Grupo Casa Remigio da un nuevo paso en su crecimiento en la capital con la inauguración este miércoles de Café de Cervantes, el icónico local situado en pleno centro de la renovada Plaza de España de Madrid, según ha comunicado la compañía.
La firma hostelera, creada en 1996, suma ya más de 20 establecimientos, entre ellos Casa Madrid, Café del Río, La Taberna o The Irish Corner en la ciudad de Madrid, así como Bar Sevilla, en el casco histórico de Cádiz, y el Beach Club La Bahía Cádiz. El grupo se ha especializado en ofrecer experiencias gastronómicas en enclaves naturales singulares tanto de Madrid como de Cádiz.
Con una filosofía basada en la integración con el entorno, sus locales se distribuyen en espacios como Madrid Río, Casa de Campo, Dehesa de la Villa, el centro de Cádiz y las playas gaditanas de El Puerto de Santa María, Rota y Tarifa, donde combinan ocio, gastronomía y paisaje.
Café de Cervantes, el nuevo espacio gastronómico de Plaza de España, toma como referencia la obra más célebre de Miguel de Cervantes, 'El Quijote', y pretende en un escenario privilegiado "transformar la gastronomía castiza con un concepto que trasciende lo culinario: un lugar donde la literatura, la historia y el sabor se entrelazan en cada detalle".
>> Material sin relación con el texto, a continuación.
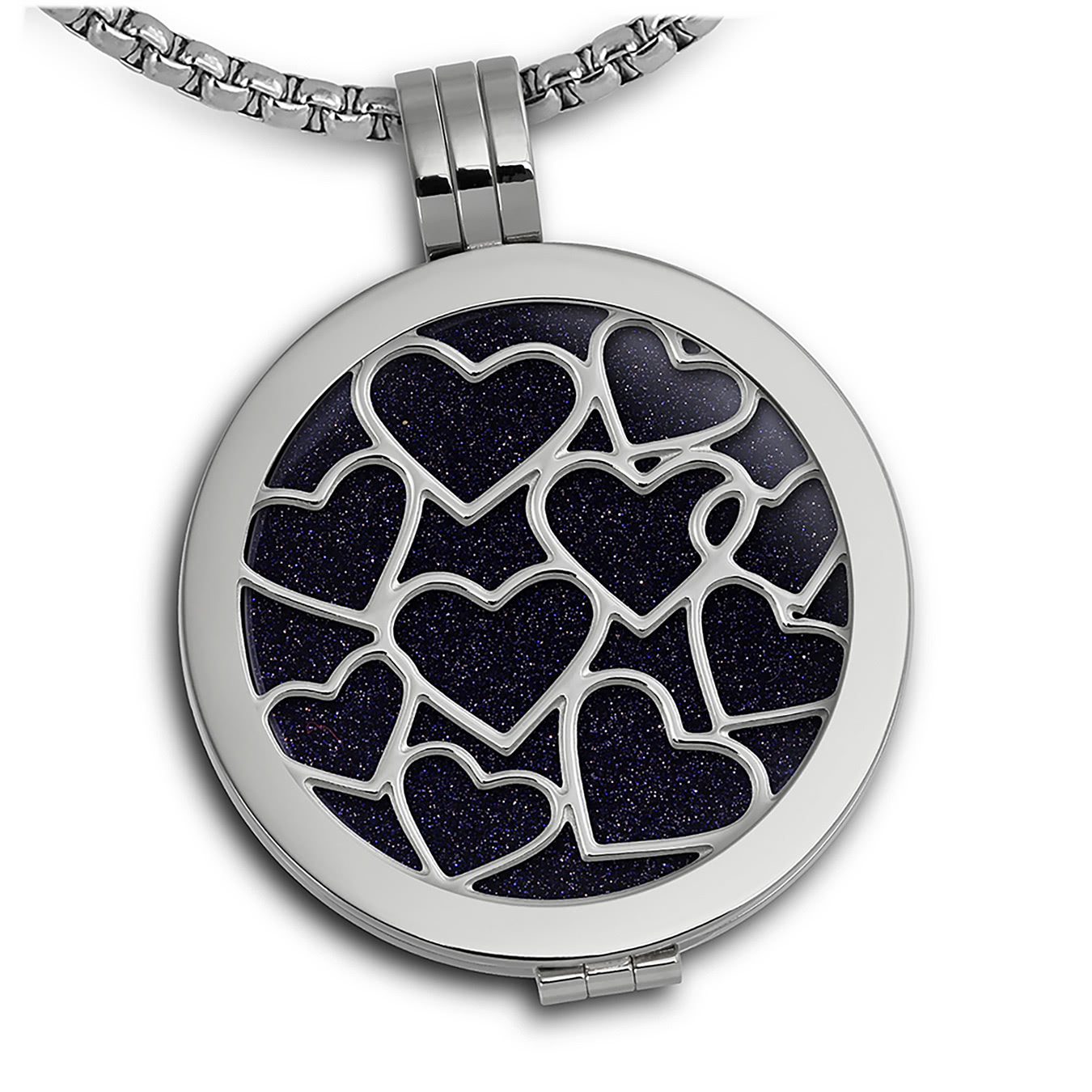 Amello Kette Anhänger Damen Coin Set Herzen silber schwarz Edelstahl ESCS13B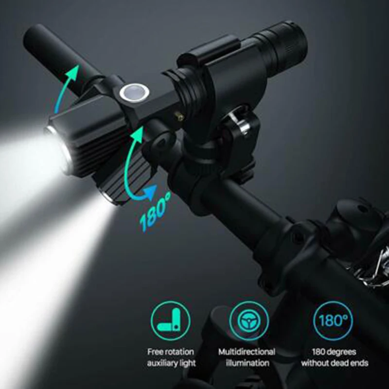 lamp, double Q5 LED auxiliary lamps, up to 500lm. The direction of auxiliary lamps can be adjusted to meet different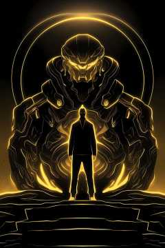 a man standing in front of a projection of immortal,halo,<lora:eastern_mythology_v1_512_preview:0.4>,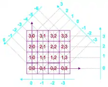 Avec les indices "k" comme "kolonne" et "l" comme "ligne", on définit un repère cartésien. Mais ici nous n'aurons besoin que des coordonnées entières. En rouge sur la figure 2, on voit que l'on a choisi arbitrairement le point bas gauche comme origine (position 0,0) et le sens des 2 axes. Dans chaque pixel est noté en rouge ses coordonnées.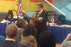 Dr. Dennis Lauro, superintendent of Pelham schools, presented a brief report in front of more than 150 people on a feasibility study that was done on different elementary school configurations. The study, which can be found in the PDF to the right of this story, was done because the district needs to cut approximately $1.8 million in order to comply with the state’s 2 percent property tax cap.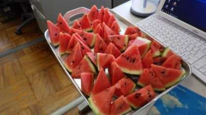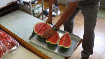 今年は職員室で包丁を入れました 〜スイカパーティー その1〜
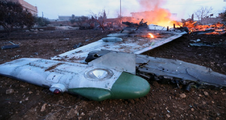 أسقط المقاتلون المقاتلة الطائرة فوق محافظة إدلب شمال غرب سورية، وقتلوا طيارها. 3 شباط/ فبراير 2018، يتصاعد الدخان من موقع الطائرة المقاتلة (سو-25) الروسية التي سقطت في سراقب، سورية. عمر…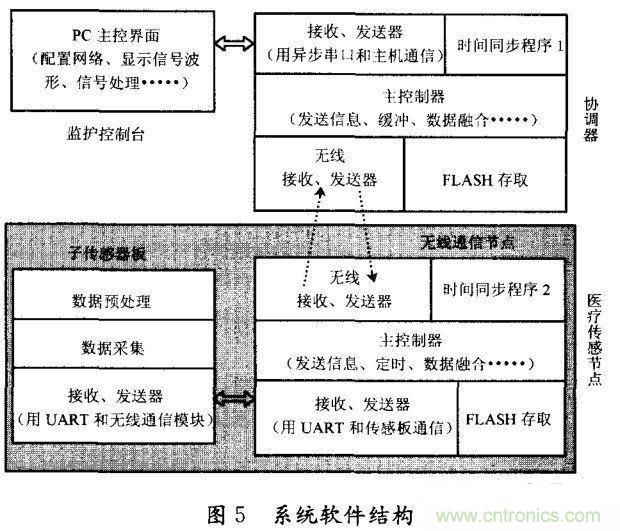 基於Zigbee星型網絡無線通信協議IEEE802.15.4,可穿戴式醫療監護設備的軟件係統主要具備控製程序、通信軟件和用戶界麵等三大功能,具體分布在PC控製主機程序、網絡協調器軟件和傳感子節點軟件中,如圖5所示。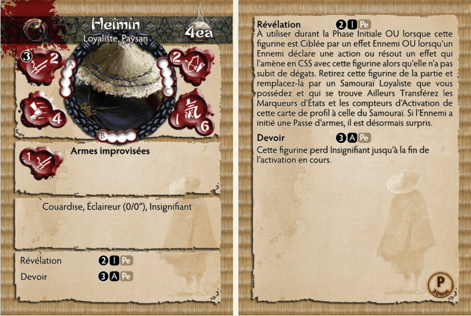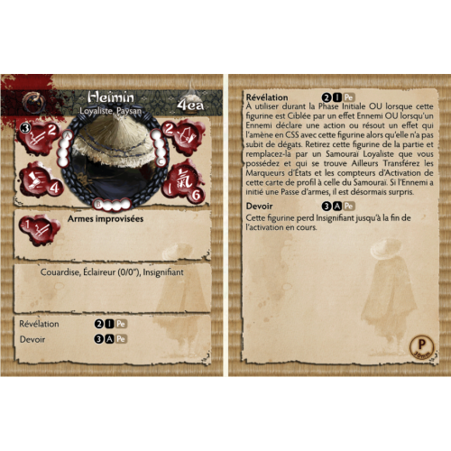 Ainsi, en alignant trois d'entre eux, les adversaires sont obligés de jouer comme s'ils étaient tous des samouraïs jusqu'à ce qu'ils se dévoilent, et vous pouvez décider pendant le jeu qui, le cas échéant, sont des samouraïs et lesquels sont des paysans inoffensifs. Combiné avec le trait Flank omniprésent des Shiho Samurais, c'est un moyen puissant de contrôler où le combat aura lieu.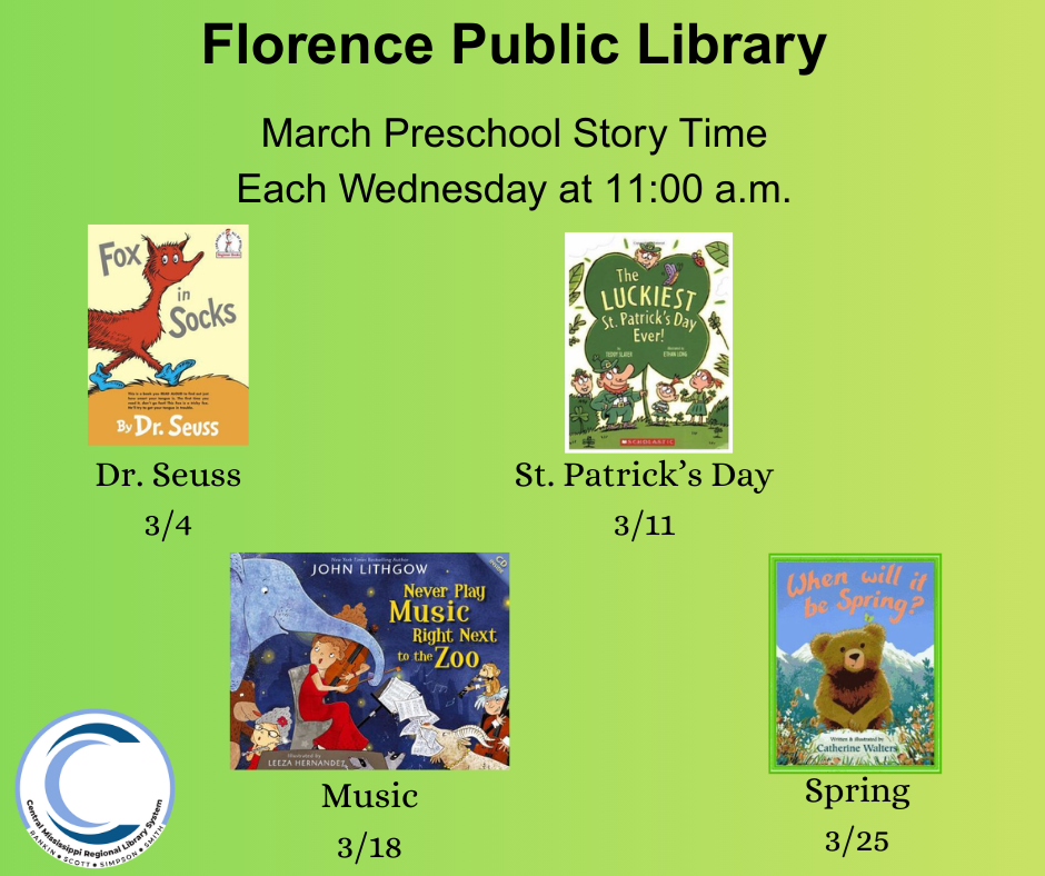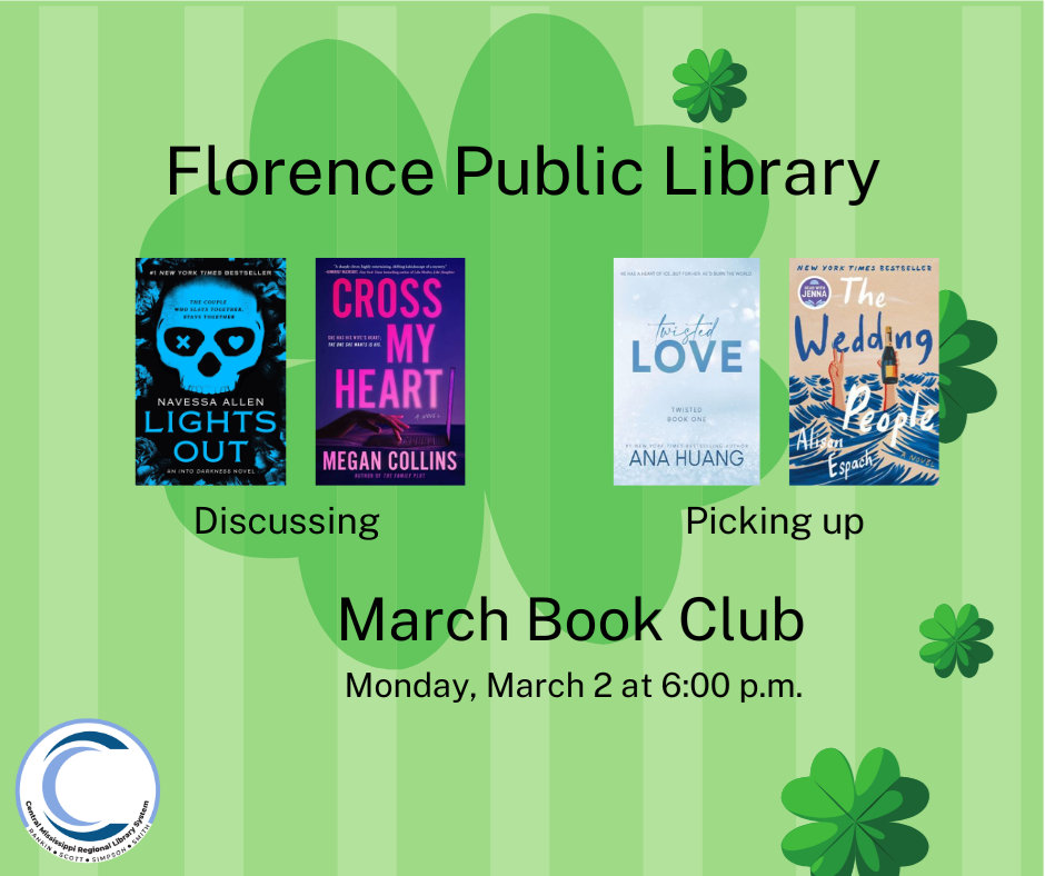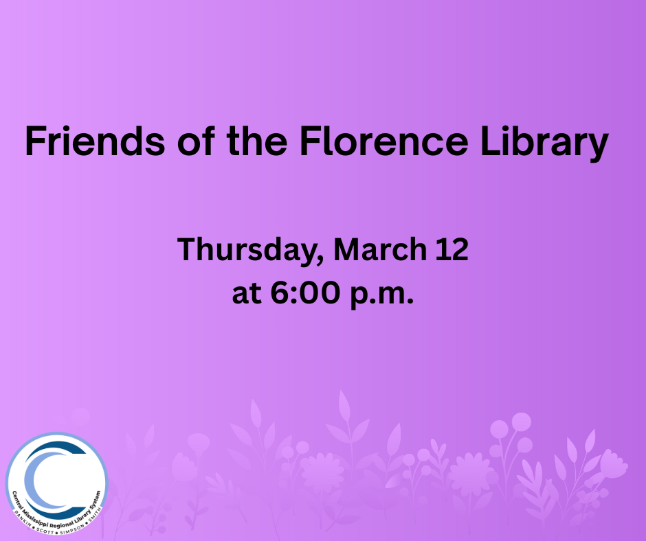 Book Club Every first Monday at 6:00 p.m. Must be 18+ Friends of the Florence Library Meeting Thursday, March 12 6:00 p.m. We invite you to get active with your community by joining our Friends of the Library. We discuss plans and fundraising ideas for supporting our library.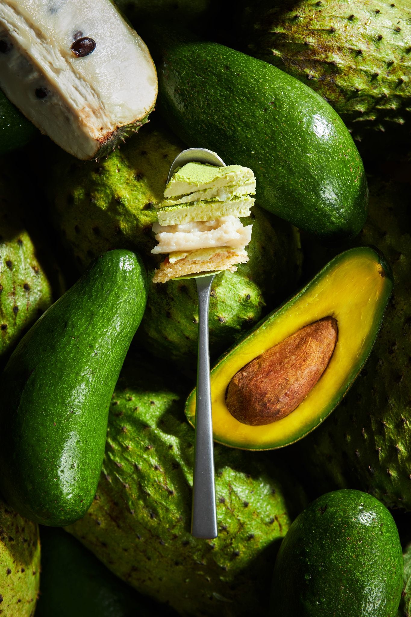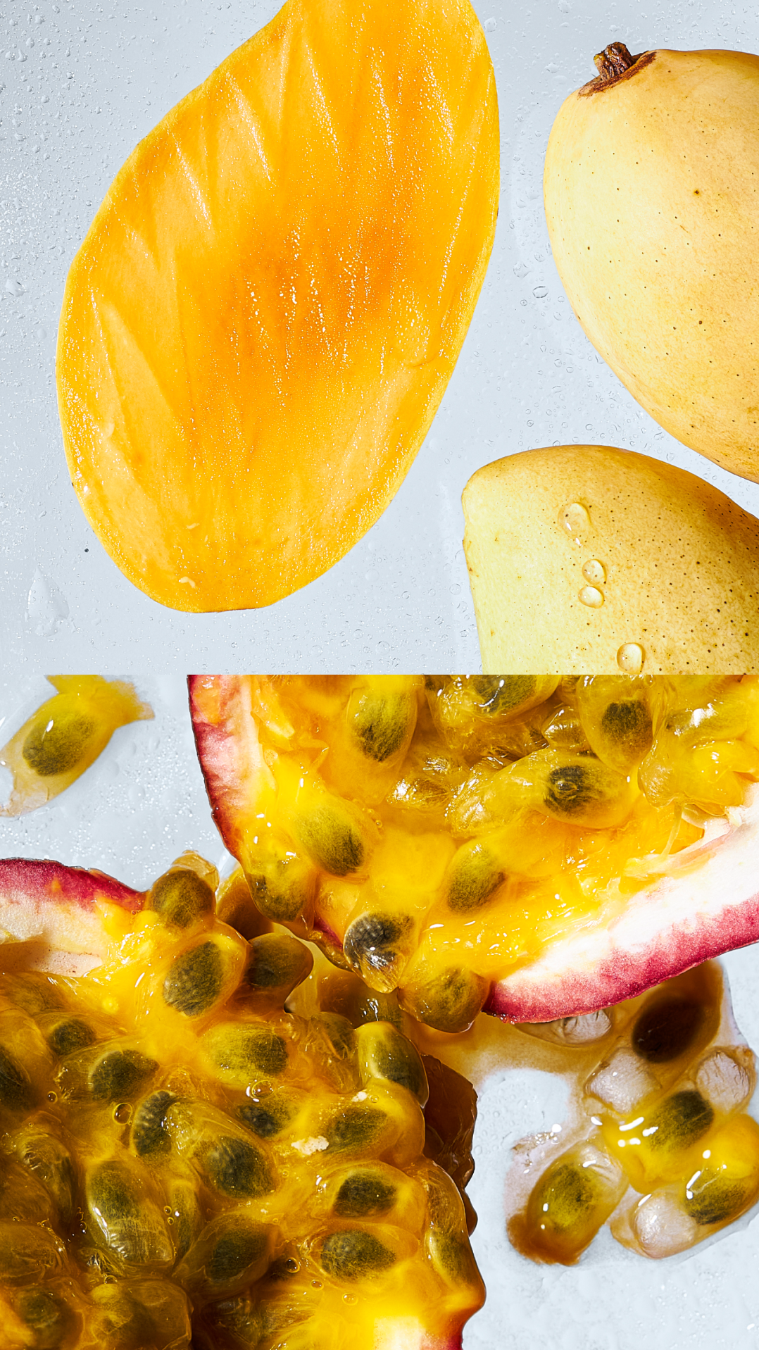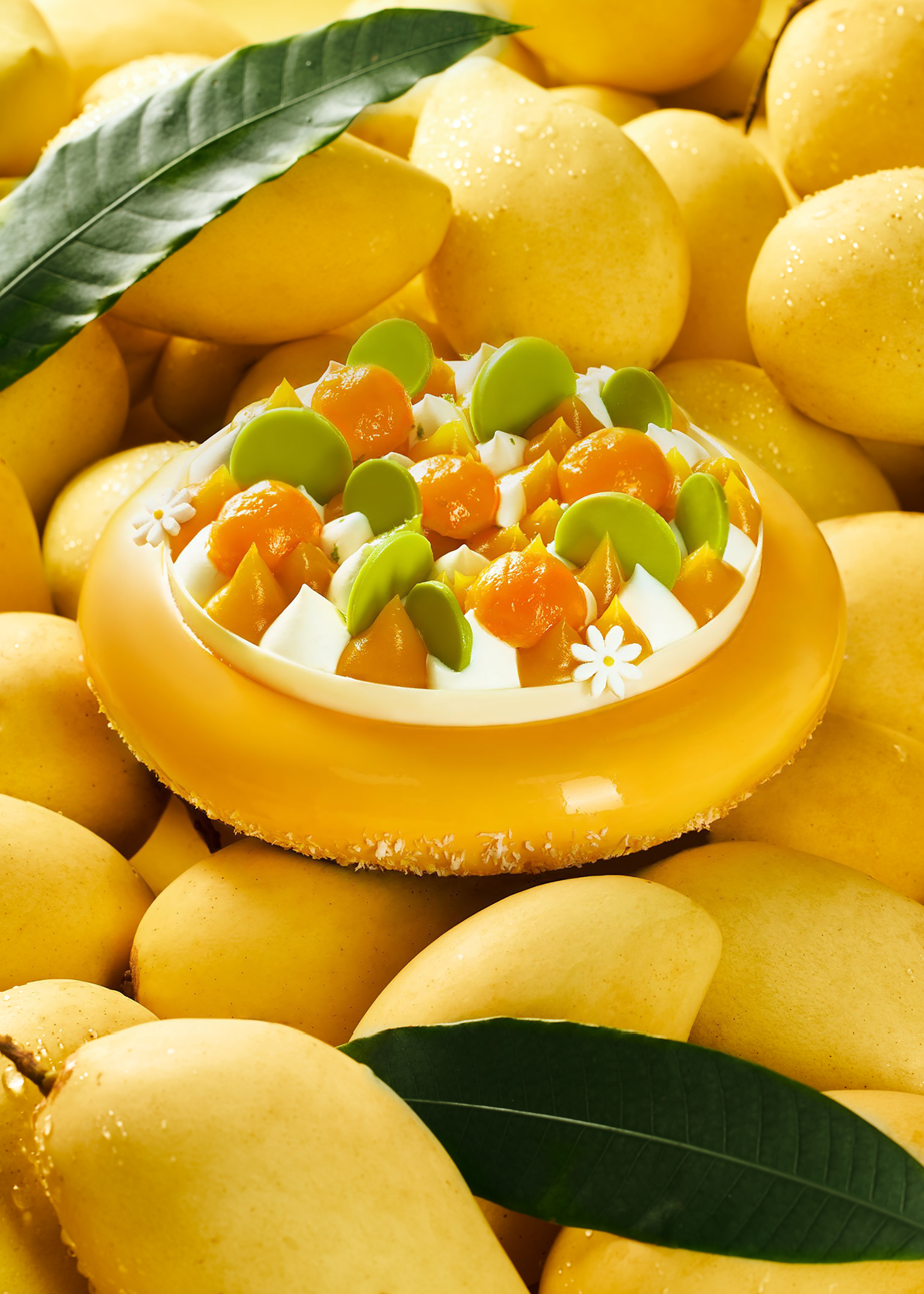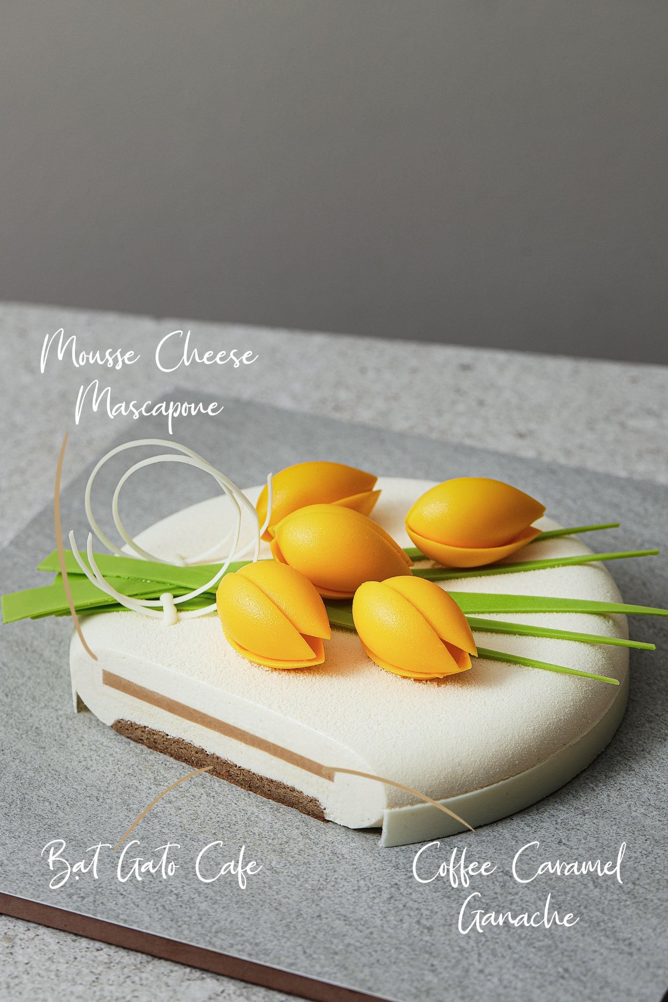 Chiếc bánh là bản hòa ca của trái cây nhiệt đới và phô mai ngậy béo. Lớp mousse cheese mềm tan kết hợp ba tầng nhân: jelly xoài mọng nước, lớp passion cremeux đậm đà, và jelly chanh leo tươi mát. Từng muỗng bánh như cắn vào ánh nắng vàng rực rỡ, chua ngọt đầy sức sống.

El restaurante presentará una carta articulada en torno a los episodios de 'El Quijote', de forma que cada elaboración rinde homenaje al esplendor del Siglo de Oro y a la esencia madrileña. Además de la propuesta culinaria, los clientes tendrán acceso a una librería centrada en la figura de Cervantes y en la literatura de esa época, y podrán degustar el tradicional vermú madrileño, reinterpretado sin renunciar a su carácter original.
"La arquitectura de Café de Cervantes es, en sí misma, una obra de arte. Diseñado y construido casi completamente de manera artesanal, cada detalle ha sido cuidado con esmero. Cada pieza de la cúpula ha sido fabricada a mano, reflejando un compromiso absoluto con la calidad y la autenticidad", ha señalado el consejero delegado de Grupo Casa Remigio, Juan Ramos.
El proyecto se completa con dos grandes terrazas: una frontal, que sirve de acceso y recepción para los visitantes, y otra situada en el lateral del edificio. La construcción se verá rodeada por un jardín vertical que, con el paso del tiempo, cubrirá la fachada en su totalidad, fusionando vegetación y arquitectura en pleno centro de Madrid.